- Episode no.: Episode 25
- Directed by: Ray Austin
- Written by: Donald James
- Production code: 25
- Original air date: 6 March 1970

Guest appearances
- Patrick Barr; Clifford Earl; Juliet Harmer; Jeremy Young; Garfield Morgan;

Episode chronology
| ← Previous "Vendetta for a Dead Man" | Next → "The Smile Behind the Veil" |

= You Can Always Find a Fall Guy =

"You Can Always Find a Fall Guy" is the twenty-fifth episode of the 1969 ITC British television series Randall and Hopkirk (Deceased) starring Mike Pratt, Kenneth Cope and Annette Andre. The episode was first broadcast on 6 March 1970 on the ITV. It was directed by Ray Austin.

==Synopsis==
Arriving home after a long night, Jeff is greeted by a nun at his apartment. The nun proceeds to tell Jeff that she believes her convent's funds are being diverted by a recently employed accountant - Douglas Kershaw. Jeff reluctantly agrees to look into the case, and arranges to meet the nun at the convent the following night.

With Marty in tow, he is met at the convent gates by the nun, who hands him a sealed envelope containing the account figures of the convent. Unbeknownst to Jeff, the nun replaces a sign for the convent with another sign - one for an electronics company. Before leaving, Jeff and Marty hear an alarm and then guard dogs. Jeff decides to leave, but before he can he is blocked in the drive by the Security Officer and sent to the office of Philip Yateman, where he tries to explain his reasons for being on the premises. Yateman decides to hold Jeff overnight, but, when attention is diverted by Marty, Jeff is able to escape. Jeff manages to retrieve the envelope he had earlier thrown away and opens it to find only newspaper cuttings.

The next morning Jeff is met in his car by the Security Officer - Edwards. Believing that the envelope contains important information Edwards offers a deal to Jeff, not believing that the envelope contained only newsprint. After the meeting, Jeff decides to visit Douglas Kershaw. He refuses to divulge any information to Jeff - merely saying he is a dealer in information.

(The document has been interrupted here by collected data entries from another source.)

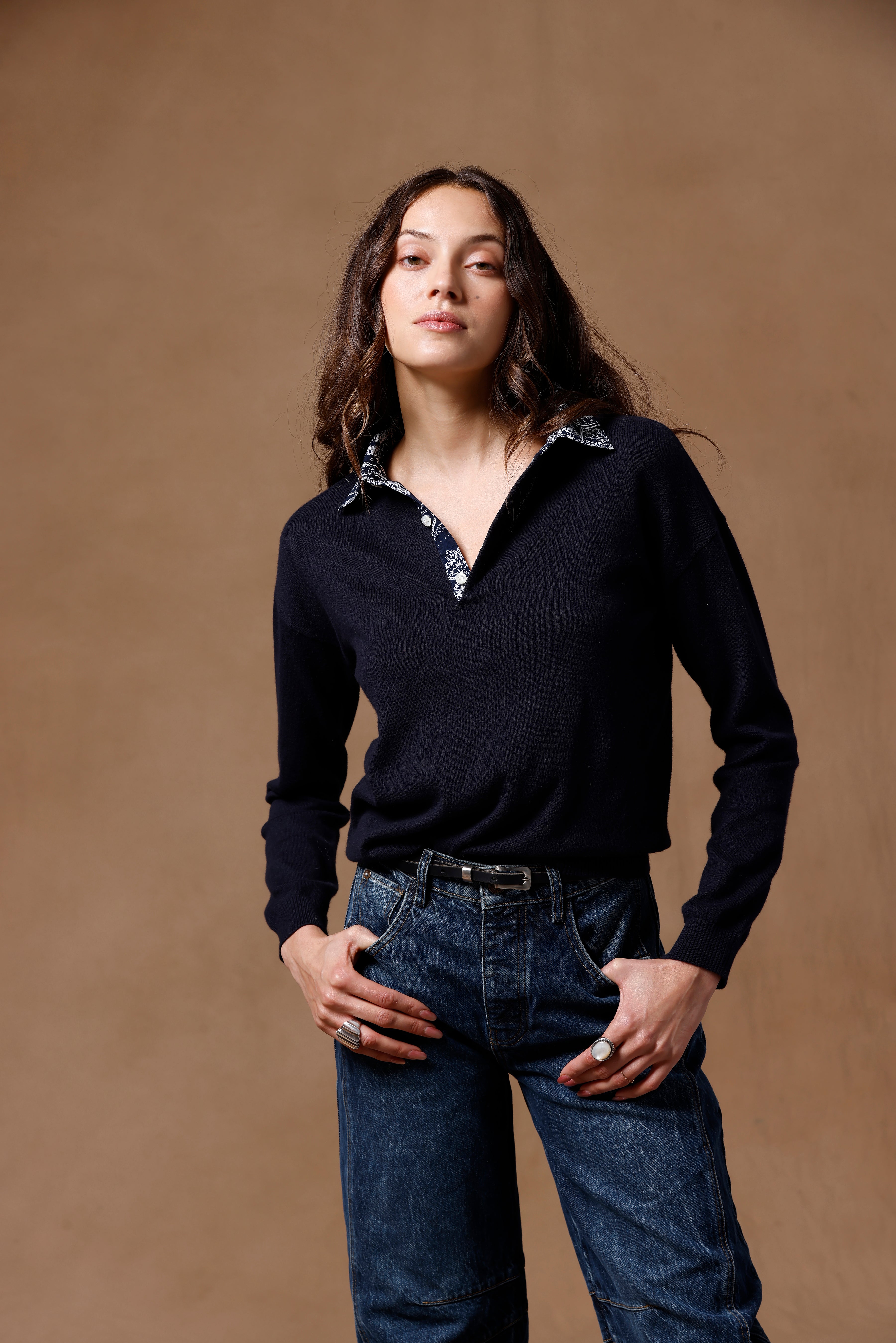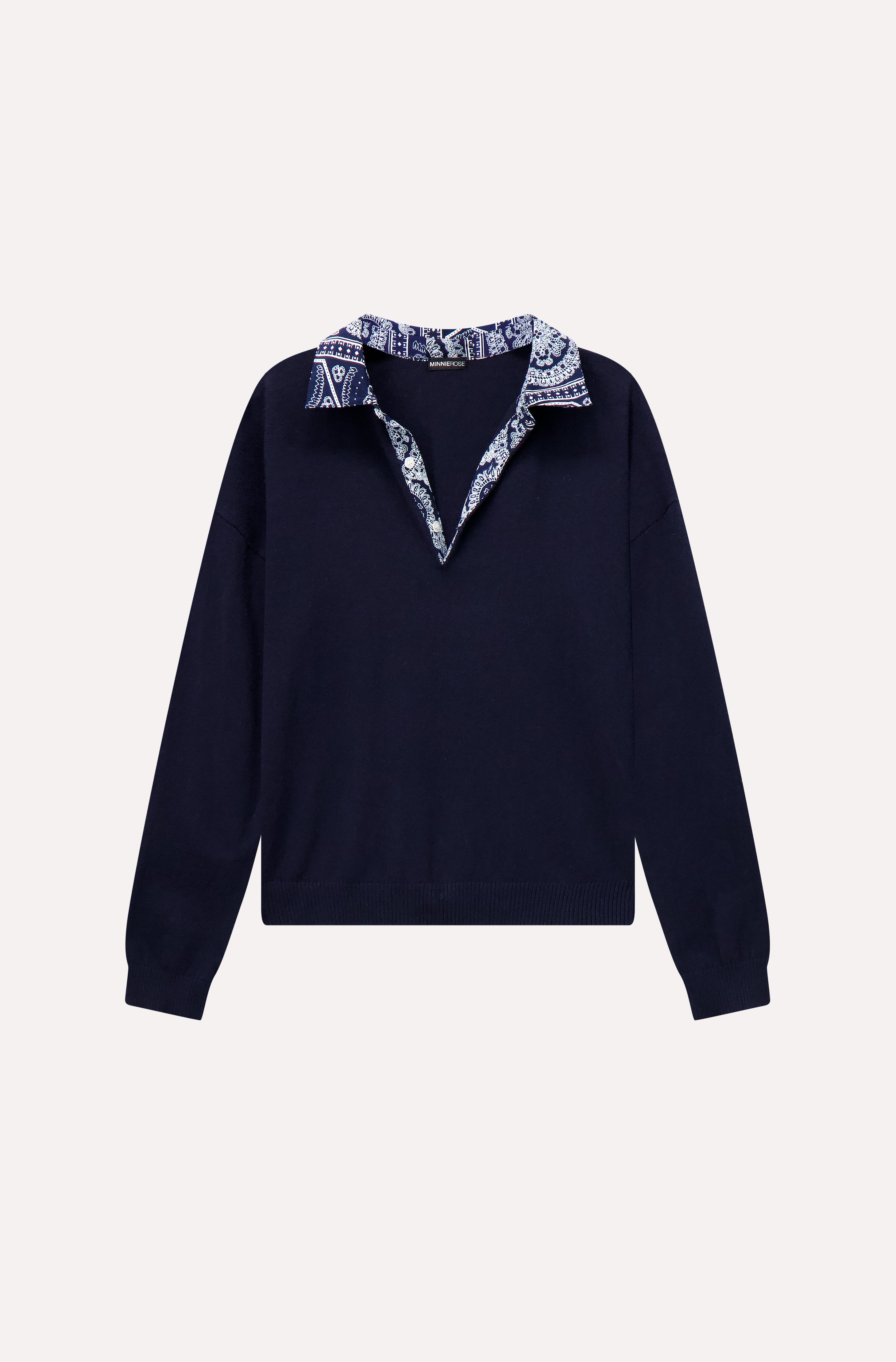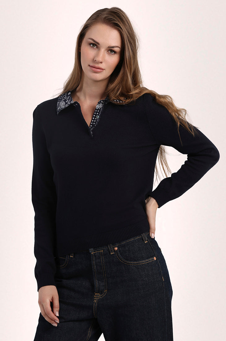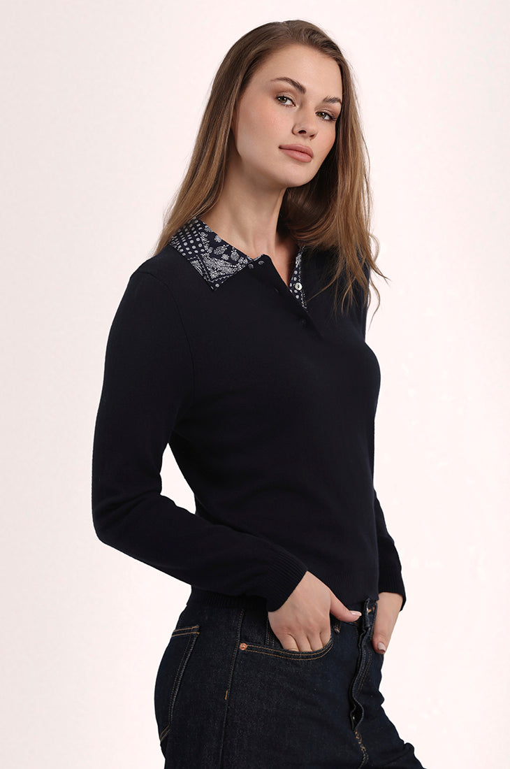 This isn’t your average pullover. The Cotton Cashmere Woven Bandana Collar Pullover brings serious personality with a playful twist—thanks to its unique bandana-style collar and ultra-soft cotton cashmere yarn that feels like a hug (but cuter).
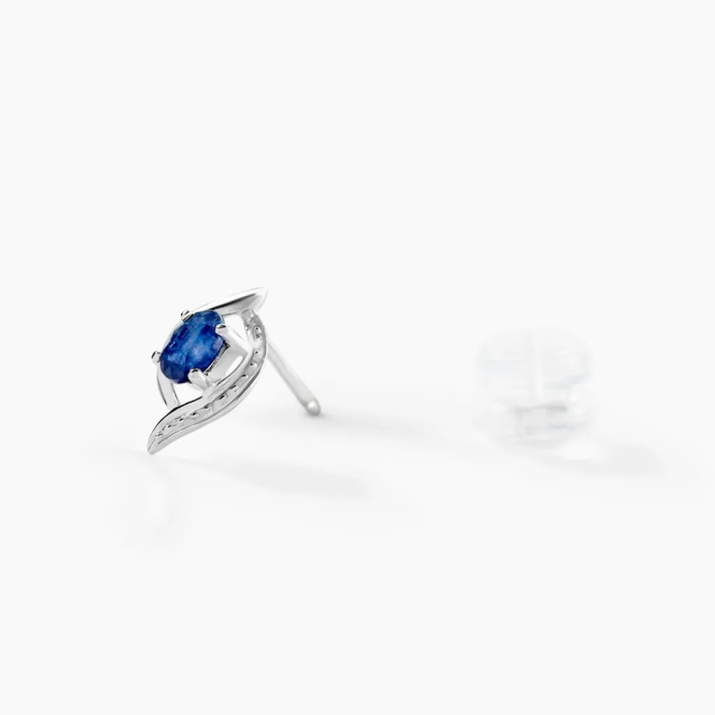 Boucles D’oreilles Or Blanc 375/1000 Saphir Ovale Serti 4 Griffes Lydia
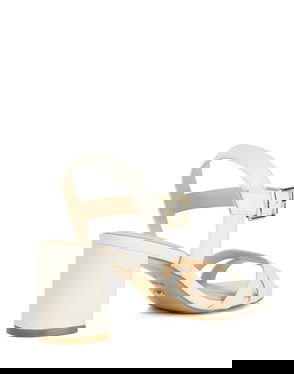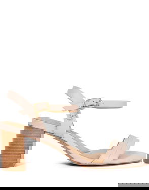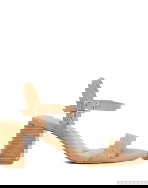Adjustable strap. Pin-buckle fastening. Open toe. Mid block heel.
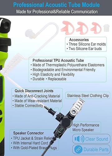 Clear Sound Transmission: With professional acoustic tube module, high quality micro speaker, noise reduction microphone, high purity copper wire cable and anti-Interference circuit design and our great assembly skills, this earpiece ensure sound to be received and transmitted clearly even in loud environment.
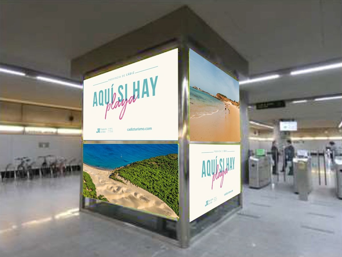 Según ha explicado en una nota, la céntrica estación de metro de Puerta de Jerez en la capital hispalense se llenará por completo de vinilos diseñados para la campaña. Así, se cubrirán con fotos de playas de la provincia de Cádiz todos los elementos tanto interiores como exteriores de esta estación de metro.

Later, Marty goes to the office to find the police there who believe him to have stolen documents sworn by Yateman. Marty tells Jeff, who then realises the set up, and so decides to visit Yateman to tell his version of the story. Yateman doesn't believe Jeff's version of events, so Jeff decides to visit Kershaw instead, this time to get him to tell the police that he has never had any dealings with him. Kershaw refuses, and Jeff realises that Kershaw is in on the plot as well. Yateman then arrives, with the Personnel Manager, Miss Holiday, who posed as the nun. After a fight, Jeff is taken off by the pair, and locked away in a cellar.

Jeff calls on Marty for help. Marty tells Jeff he has been working on a plan, and visits a local hospital, where he visits a patient undergoing surgery. The patient has a near death experience during which Marty tells him to phone the police with the information about Jeff's kidnap. After surgery the patient awakens and demands a telephone. After a struggle he is allowed a phone and calls the police which leads to Jeff being freed by Edwards, and Yateman's arrest.

==Cast==
- Mike Pratt as Jeff Randall
- Kenneth Cope as Marty Hopkirk
- Annette Andre as Jeannie Hopkirk
- Patrick Barr ... Philip Yateman
- Clifford Earl ... 1st Detective
- Juliet Harmer ... Miss Holiday
- Jeremy Young ... Douglas Kershaw
- Garfield Morgan ... Edwards
- Maggie London ... Nurse
- Edward Caddick ... Patient
- Tony Steedman ... Surgeon
- Michael Graham ... Anaesthetist

==Production==
Although the 25th episode in the series, You Can Always Find a Fall Guy was the 5th episode to be shot, filmed between July and September 1968.
The exteriors of the convent in the episode were shot at Grim's Dyke.